Why, then, are financial planning offerings in this area so limited? And why aren’t people turning to them for help?

Can we help?

To start, what can planners actually offer clients in this area?

Louise Biti, co-founder and director of Aged Care Steps, a provider of aged care support to advisers, says there are three key areas in which planners could help.

Firstly, they can offer assistance with the initial care decision, giving “advice on manoeuvring through the system to get the right care offer”.

Advisers could help negotiate better deals with the aged care providers, Biti says.

They could, according to Challenger technical services manager, Sean Howard, work out ways of payment that mean that better rooms are available even to those on smaller incomes.

As lump sum payments of aged care costs are not calculated in Centrelink assessments, he says, expensive rooms may actually end up costing less than they seem as a higher lump sum payment could lead to higher rates of the Aged Pension.

Secondly, Biti says that planners can help manage cash flow, as “the most important issue is how do people going into aged care, through their own resources as much as possible, fund that care and that cash flow”.

A lot of this revolves around maximising Centrelink eligibility.

A financial adviser at Adelaide Aged Care Financial Advisers, Carmela La Starza, says the simplest way to get Centrelink if you have assets that take you over the pension limit is by paying the refundable accommodation deposit (RAD) or lump sum payment for aged care rather than daily fees.

There are also products that can help maximise Centrelink, such as Challenger’s CarePlus annuity. According to La Starza, this market is small, with Challenger’s being “really the only one I know of on the market that’s treated well from a Centrelink perspective and has a flow-on effect for aged care fees”.

Howard says that using the CarePlus annuity usually at least halves the investor’s assessable income from the product for Centrelink purposes as it has a deductible amount.

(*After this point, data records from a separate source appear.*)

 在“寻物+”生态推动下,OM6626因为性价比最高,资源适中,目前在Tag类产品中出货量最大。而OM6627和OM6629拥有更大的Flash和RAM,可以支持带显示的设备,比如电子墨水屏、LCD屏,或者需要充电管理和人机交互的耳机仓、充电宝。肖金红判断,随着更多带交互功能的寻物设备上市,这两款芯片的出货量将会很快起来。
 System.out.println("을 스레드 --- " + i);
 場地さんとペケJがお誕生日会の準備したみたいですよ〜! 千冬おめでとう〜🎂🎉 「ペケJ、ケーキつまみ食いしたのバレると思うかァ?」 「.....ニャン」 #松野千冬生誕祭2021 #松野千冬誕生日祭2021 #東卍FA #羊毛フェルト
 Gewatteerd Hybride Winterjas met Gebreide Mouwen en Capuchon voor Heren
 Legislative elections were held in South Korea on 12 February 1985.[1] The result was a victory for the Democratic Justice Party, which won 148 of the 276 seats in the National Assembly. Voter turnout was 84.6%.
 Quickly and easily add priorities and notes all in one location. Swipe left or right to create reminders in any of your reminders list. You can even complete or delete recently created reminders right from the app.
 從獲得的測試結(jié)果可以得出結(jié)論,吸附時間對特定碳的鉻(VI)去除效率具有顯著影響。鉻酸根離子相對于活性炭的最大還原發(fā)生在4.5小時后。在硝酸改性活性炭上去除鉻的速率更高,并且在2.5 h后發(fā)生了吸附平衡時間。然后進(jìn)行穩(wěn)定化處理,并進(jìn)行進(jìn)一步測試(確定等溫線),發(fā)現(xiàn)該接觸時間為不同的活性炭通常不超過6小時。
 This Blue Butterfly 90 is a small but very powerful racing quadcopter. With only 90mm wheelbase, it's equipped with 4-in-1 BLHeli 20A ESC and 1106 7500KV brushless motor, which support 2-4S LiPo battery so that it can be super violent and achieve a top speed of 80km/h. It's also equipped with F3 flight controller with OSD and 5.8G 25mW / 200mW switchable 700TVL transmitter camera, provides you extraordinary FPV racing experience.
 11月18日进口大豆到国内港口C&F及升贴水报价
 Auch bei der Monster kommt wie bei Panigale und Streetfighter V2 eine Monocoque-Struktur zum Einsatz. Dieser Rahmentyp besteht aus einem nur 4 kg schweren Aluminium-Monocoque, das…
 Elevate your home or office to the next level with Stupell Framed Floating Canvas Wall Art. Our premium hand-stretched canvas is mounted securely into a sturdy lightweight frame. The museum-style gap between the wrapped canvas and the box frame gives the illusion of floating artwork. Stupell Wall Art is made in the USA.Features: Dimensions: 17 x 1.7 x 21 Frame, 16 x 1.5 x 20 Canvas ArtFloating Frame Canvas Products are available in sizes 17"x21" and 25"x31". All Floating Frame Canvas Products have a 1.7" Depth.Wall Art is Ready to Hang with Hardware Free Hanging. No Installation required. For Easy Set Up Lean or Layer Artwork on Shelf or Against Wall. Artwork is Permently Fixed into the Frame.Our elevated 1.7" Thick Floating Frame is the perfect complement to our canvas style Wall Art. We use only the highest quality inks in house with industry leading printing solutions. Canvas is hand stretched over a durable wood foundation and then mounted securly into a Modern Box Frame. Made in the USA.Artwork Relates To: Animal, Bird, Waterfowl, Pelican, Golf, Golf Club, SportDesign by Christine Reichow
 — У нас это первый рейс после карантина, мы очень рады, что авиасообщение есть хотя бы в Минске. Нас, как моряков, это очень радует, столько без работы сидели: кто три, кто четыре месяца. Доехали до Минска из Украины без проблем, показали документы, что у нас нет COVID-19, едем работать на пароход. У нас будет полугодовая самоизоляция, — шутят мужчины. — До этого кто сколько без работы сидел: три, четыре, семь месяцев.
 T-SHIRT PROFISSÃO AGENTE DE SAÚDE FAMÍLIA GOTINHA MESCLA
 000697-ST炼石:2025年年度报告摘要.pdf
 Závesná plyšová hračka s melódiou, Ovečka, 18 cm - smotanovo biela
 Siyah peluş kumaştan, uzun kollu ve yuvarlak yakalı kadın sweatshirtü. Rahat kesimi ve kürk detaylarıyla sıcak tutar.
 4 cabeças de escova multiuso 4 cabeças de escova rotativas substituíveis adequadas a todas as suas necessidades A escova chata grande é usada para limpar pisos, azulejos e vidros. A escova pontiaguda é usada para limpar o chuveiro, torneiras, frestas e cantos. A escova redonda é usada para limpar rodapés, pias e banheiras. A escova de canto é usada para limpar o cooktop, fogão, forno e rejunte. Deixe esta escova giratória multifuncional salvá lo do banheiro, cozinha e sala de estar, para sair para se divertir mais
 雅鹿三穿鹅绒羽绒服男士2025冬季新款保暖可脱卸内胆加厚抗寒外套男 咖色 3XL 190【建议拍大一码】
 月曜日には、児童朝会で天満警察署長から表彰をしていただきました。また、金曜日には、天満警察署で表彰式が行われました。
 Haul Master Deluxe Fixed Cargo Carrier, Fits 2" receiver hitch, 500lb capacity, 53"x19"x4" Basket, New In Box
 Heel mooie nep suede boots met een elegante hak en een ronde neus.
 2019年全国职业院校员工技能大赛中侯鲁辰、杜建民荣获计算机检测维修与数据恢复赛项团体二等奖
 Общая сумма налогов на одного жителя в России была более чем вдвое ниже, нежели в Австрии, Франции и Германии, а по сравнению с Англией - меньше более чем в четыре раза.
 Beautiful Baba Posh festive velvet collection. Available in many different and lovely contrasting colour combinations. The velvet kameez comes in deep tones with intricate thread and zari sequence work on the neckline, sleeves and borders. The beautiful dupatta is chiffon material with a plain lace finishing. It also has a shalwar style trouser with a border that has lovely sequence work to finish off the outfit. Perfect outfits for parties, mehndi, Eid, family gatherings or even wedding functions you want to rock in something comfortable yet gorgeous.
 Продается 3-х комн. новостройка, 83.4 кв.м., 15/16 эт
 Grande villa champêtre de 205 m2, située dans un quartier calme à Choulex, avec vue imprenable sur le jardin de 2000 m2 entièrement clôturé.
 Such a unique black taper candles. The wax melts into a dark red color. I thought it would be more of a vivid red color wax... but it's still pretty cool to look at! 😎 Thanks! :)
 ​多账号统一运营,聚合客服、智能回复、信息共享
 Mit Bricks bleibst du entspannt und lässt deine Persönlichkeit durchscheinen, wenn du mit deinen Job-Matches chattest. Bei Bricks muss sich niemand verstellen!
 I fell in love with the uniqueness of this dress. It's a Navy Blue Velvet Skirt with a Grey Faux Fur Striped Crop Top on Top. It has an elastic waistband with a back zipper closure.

It’s worth noting that aged care advice should not be as product-focused as most other financial planning. As Australian Unity Trustees national manager of estate planning, Anna Hacker, observes, the end result “is not a product but more like a lifestyle”.

“The problem is to date planners have focused way too much on product solutions, and so they don’t realise that all the rest of the strategy,” Biti warns. “Whereas with aged care, there [are] very few opportunities for product, it’s all strategy and then occasionally some product comes up that may help to factor in for the clients.”

Part of managing cash flow could involve making a decision about selling (or not) the family home, which Howard says could underscore capacity both for aged care funding and other investments.

Thirdly, Biti believes that planners should be helping clients look at the implications of aged care.

“So, what else can we do to maximise the estate and minimise the costs associated with the aged care contribution?” she says.

Planning for the unknown

A problem inherent to planning for aged care is that it is just so unknown when and even if a client will need it.

As Howard observes, you both don’t know how far away the point at which you will need that investment ability is or how much rules and regulations will have changed by then.

The challenge for advisers then, is balancing the need to prepare for the possibility of aged care with maintaining flexibility in the overall financial plan.

“Retirement is something that people can plan for a long time, [but] aged care often comes along quite suddenly,” Hacker says.

“People [often] have not planned for it. They are in hospital, they’ve had a fall or something, and they need to get into care straight away.”

Advisers for clients of a certain age need to be factoring this in and anticipating what that plan would look like, “because you’d hate to set something up that would then impact on someone’s ability to enter an aged care facility, because it’s often an urgent thing”.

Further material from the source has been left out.